In the records below, find the line containing "Comprar UGREEN-Cable DisplayPort" and the line containing "[齐鲁网]国际化办学水平和影". Give again exactly those lines and every line between them, omitting the pictures.

--- Information provided ---

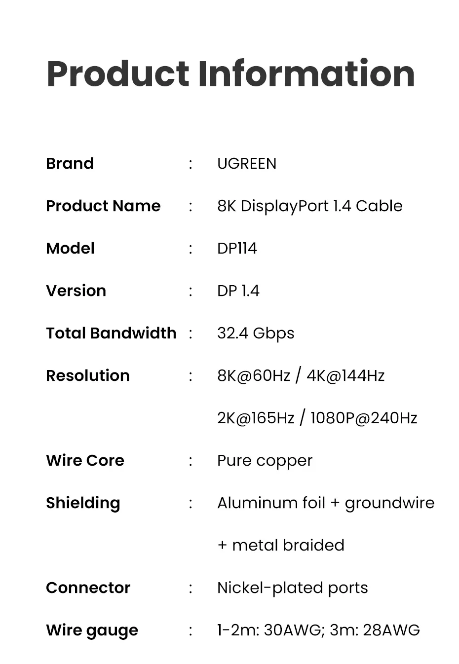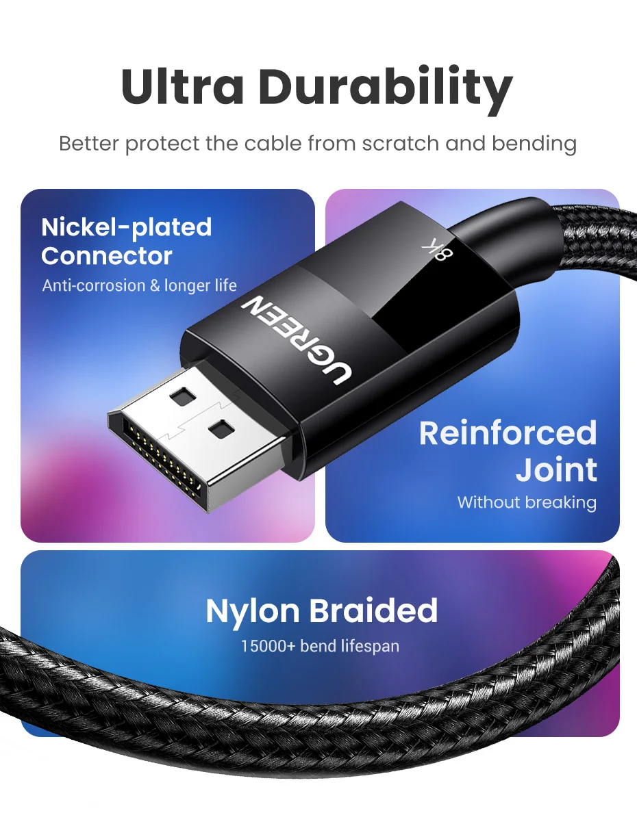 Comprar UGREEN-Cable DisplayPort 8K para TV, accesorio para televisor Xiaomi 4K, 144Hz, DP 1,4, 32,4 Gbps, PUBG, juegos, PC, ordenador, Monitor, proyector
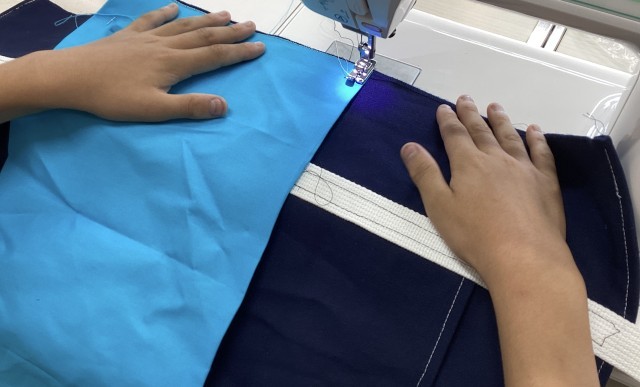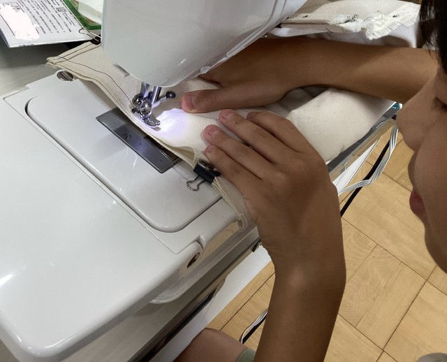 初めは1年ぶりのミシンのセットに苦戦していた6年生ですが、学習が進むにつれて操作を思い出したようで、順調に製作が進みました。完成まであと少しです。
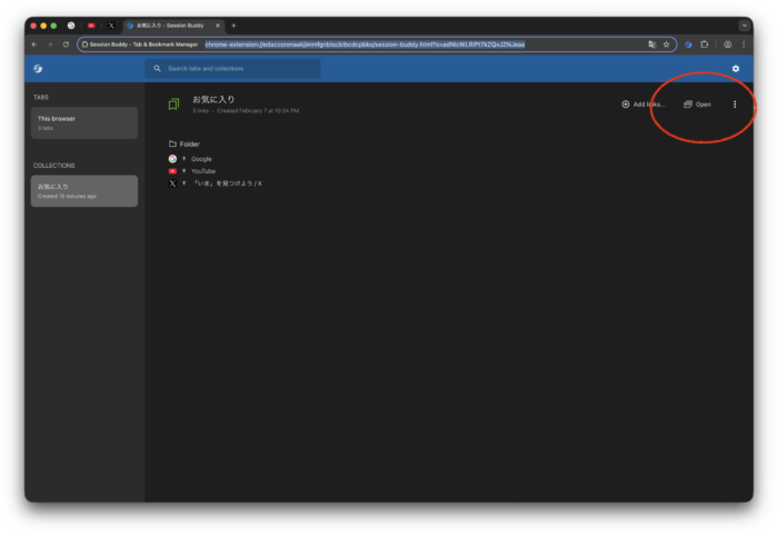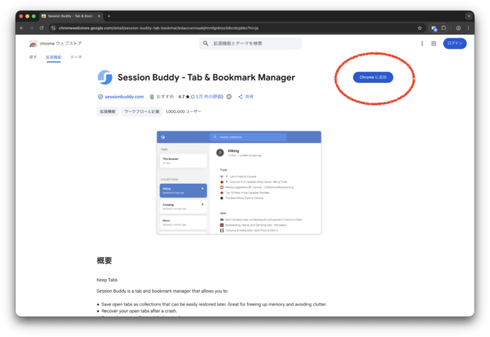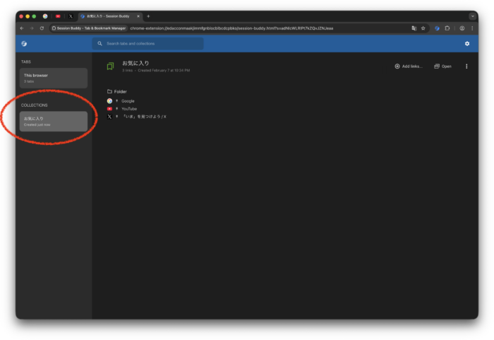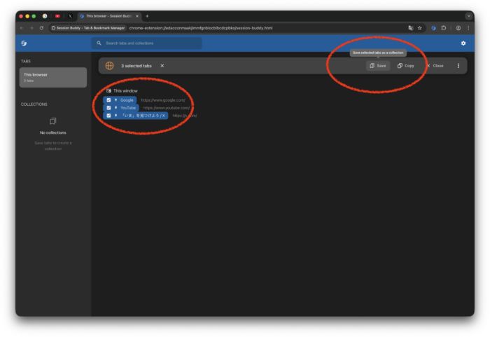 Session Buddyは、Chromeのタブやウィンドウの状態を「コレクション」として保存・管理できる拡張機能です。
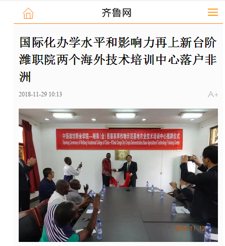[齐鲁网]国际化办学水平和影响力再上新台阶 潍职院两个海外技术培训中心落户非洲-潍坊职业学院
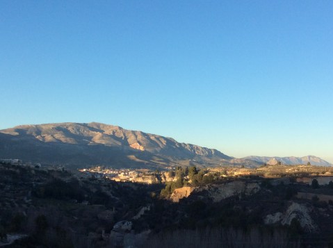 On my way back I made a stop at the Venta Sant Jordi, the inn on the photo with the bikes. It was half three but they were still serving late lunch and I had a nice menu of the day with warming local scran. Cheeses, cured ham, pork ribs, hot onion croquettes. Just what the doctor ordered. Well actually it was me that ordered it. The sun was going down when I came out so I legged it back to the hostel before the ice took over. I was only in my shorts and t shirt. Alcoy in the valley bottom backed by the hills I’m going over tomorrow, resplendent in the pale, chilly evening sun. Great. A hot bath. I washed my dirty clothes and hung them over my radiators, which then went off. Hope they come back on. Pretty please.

---
--- Information provided ---

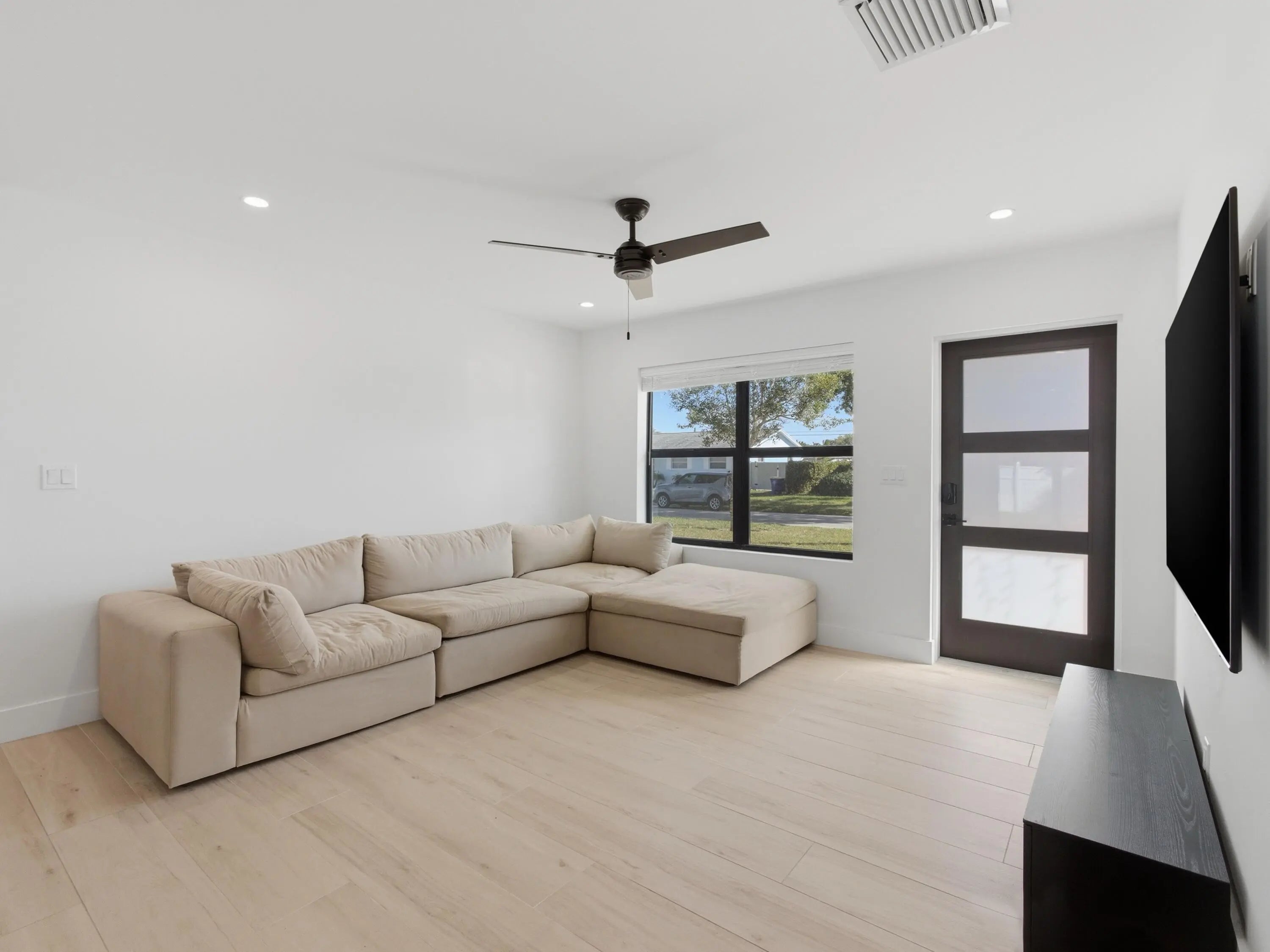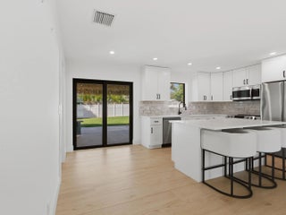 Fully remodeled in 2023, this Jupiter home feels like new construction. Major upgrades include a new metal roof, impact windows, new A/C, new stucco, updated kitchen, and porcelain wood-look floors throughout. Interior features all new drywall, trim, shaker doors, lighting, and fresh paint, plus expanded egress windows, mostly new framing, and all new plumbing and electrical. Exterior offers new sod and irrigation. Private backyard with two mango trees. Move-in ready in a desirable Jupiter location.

---

#### Your response:
 Comprar UGREEN-Cable DisplayPort 8K para TV, accesorio para televisor Xiaomi 4K, 144Hz, DP 1,4, 32,4 Gbps, PUBG, juegos, PC, ordenador, Monitor, proyector
 初めは1年ぶりのミシンのセットに苦戦していた6年生ですが、学習が進むにつれて操作を思い出したようで、順調に製作が進みました。完成まであと少しです。
 Session Buddyは、Chromeのタブやウィンドウの状態を「コレクション」として保存・管理できる拡張機能です。
[齐鲁网]国际化办学水平和影响力再上新台阶 潍职院两个海外技术培训中心落户非洲-潍坊职业学院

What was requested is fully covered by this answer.